##### Entries provided

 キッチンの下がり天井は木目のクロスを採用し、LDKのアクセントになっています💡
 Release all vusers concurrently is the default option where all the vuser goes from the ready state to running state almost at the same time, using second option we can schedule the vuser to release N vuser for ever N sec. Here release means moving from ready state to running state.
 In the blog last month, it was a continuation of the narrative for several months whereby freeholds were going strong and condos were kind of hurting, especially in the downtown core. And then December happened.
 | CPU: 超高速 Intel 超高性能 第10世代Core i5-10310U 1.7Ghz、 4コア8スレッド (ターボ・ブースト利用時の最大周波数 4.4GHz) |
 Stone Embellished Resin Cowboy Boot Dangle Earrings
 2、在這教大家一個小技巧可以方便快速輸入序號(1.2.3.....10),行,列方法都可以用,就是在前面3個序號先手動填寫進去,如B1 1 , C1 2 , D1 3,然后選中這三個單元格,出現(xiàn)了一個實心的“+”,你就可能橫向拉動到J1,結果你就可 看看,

##########
##### Entries provided

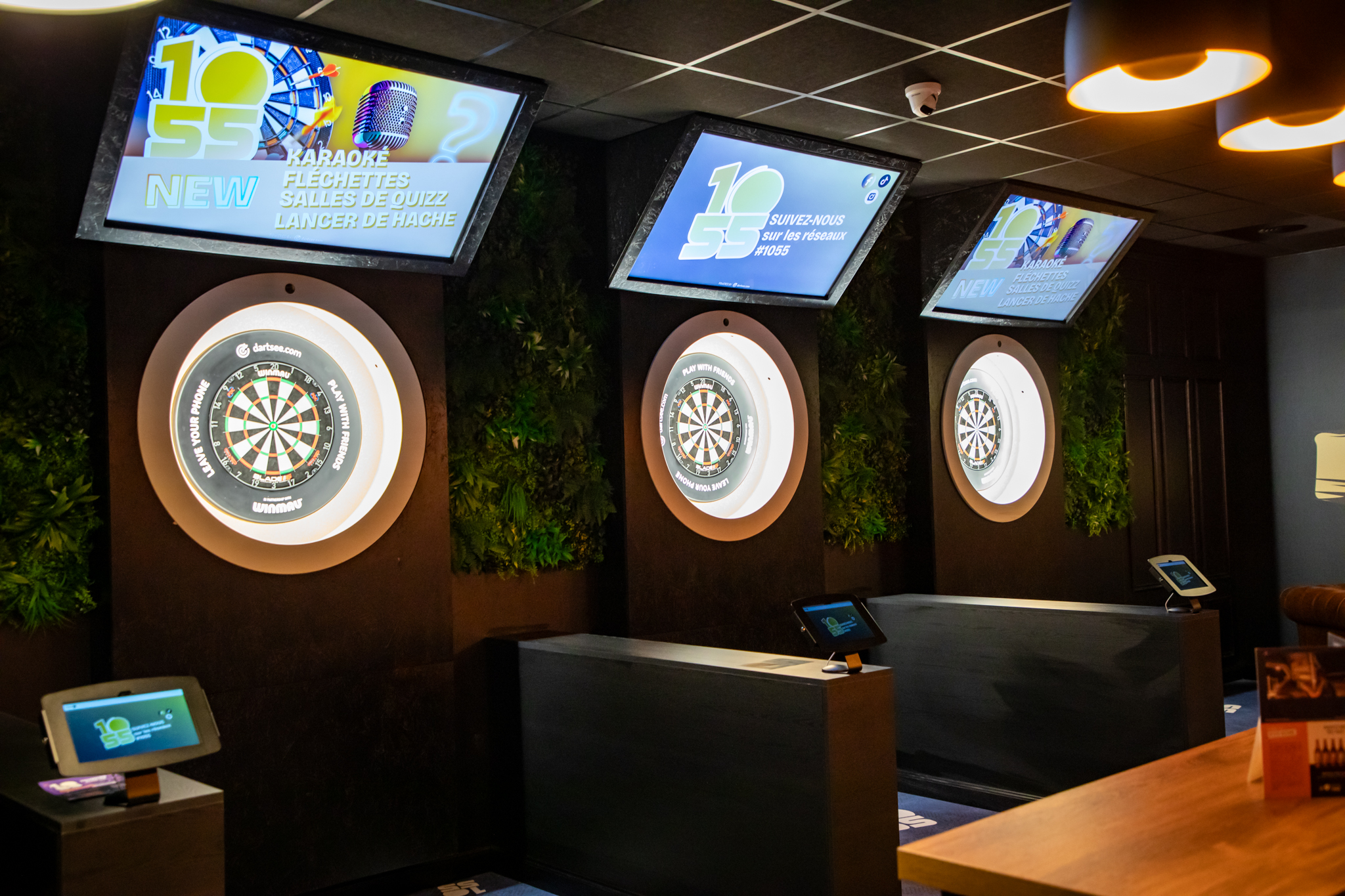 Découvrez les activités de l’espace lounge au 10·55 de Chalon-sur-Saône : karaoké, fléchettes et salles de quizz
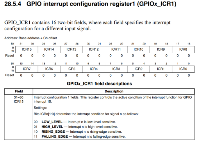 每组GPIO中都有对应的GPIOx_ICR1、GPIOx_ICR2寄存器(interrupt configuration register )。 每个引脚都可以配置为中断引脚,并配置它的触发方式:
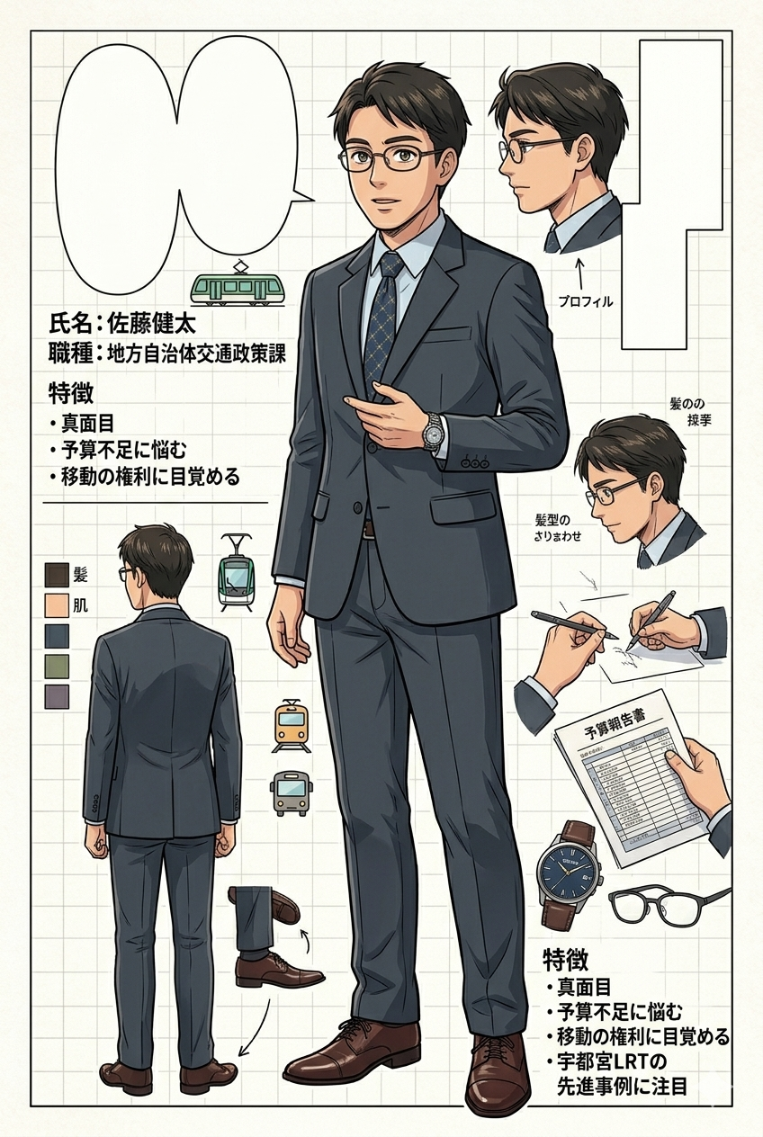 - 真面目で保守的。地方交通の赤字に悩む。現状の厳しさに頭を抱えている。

##########

> Work task: Reproduce the data above exactly, but only the lines from the one showing "configuration register )。" through the one showing "- 真面目で保守的。地方交通の赤字に悩む。現状の厳しさに頭を抱えている。", with both ends kept and the pictures left out.

> Answer space:
 每组GPIO中都有对应的GPIOx_ICR1、GPIOx_ICR2寄存器(interrupt configuration register )。 每个引脚都可以配置为中断引脚,并配置它的触发方式:
 - 真面目で保守的。地方交通の赤字に悩む。現状の厳しさに頭を抱えている。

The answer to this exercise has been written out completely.